In 2016, Terrab released her first film, Shakespeare in Casablanca, a documentary. The following year, she would release a web series, Marokkiates, elevating the voices of Moroccan women.

In 2020, she released her second documentary: L7sla (The Dead End), a one-year immersion with marginalized youth of a popular neighborhood of Casablanca. The film was the subject of debate in Morocco after it was broadcast on the national channel 2M in October, attaining 3 million viewers.

== Moroccan Outlaws ==
In September 2019, Terrab and fellow Moroccan writer Leïla Slimani launched the "Outlaws" manifesto for the decriminalization of individual freedoms in Morocco, which gathered more than 15,000 signatures at its launch.
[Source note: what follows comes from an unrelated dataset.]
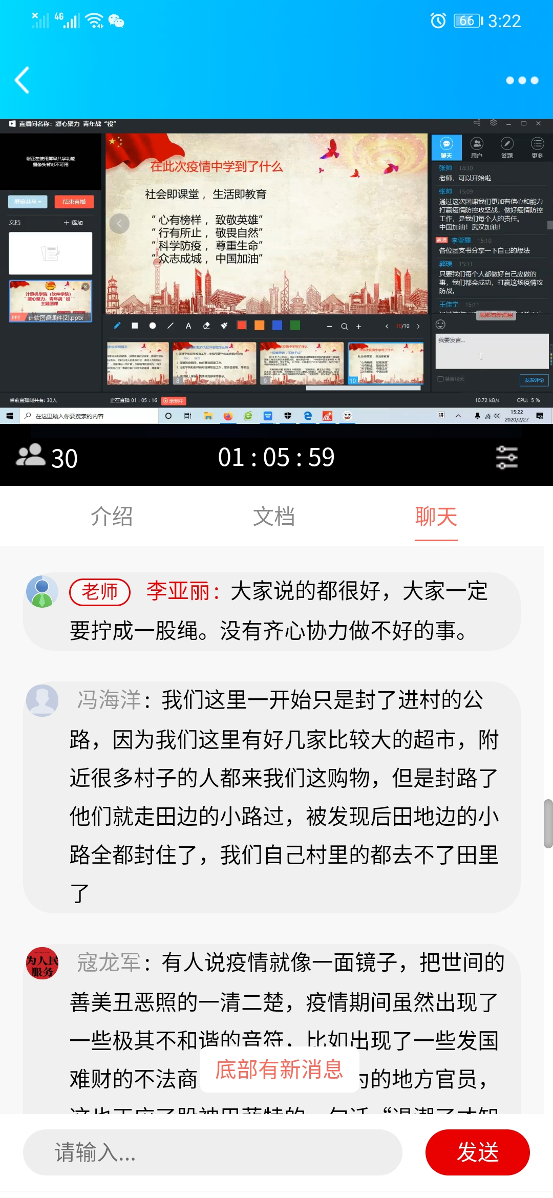 2020年2月27日,公司组织开展以“凝心聚力,青年战‘役’”为主题的线上团课。此次团课由公司团总支副书记李亚丽老师担任主讲。17、18和19级的团支书参加了此次团课。

The manifesto would eventually lead to the establishment of a youth-led citizen and social movement (Moroccan Outlaws) advocating for individual freedoms, women's rights and the LGBT+ community.

This collective, known as the 490 in reference to a controversial Moroccan law, was awarded the "Simone de Beauvoir Prize for Women's Freedom", which was presented to Terrab and Slimani on behalf of the movement, on January 9, 2020, in Paris.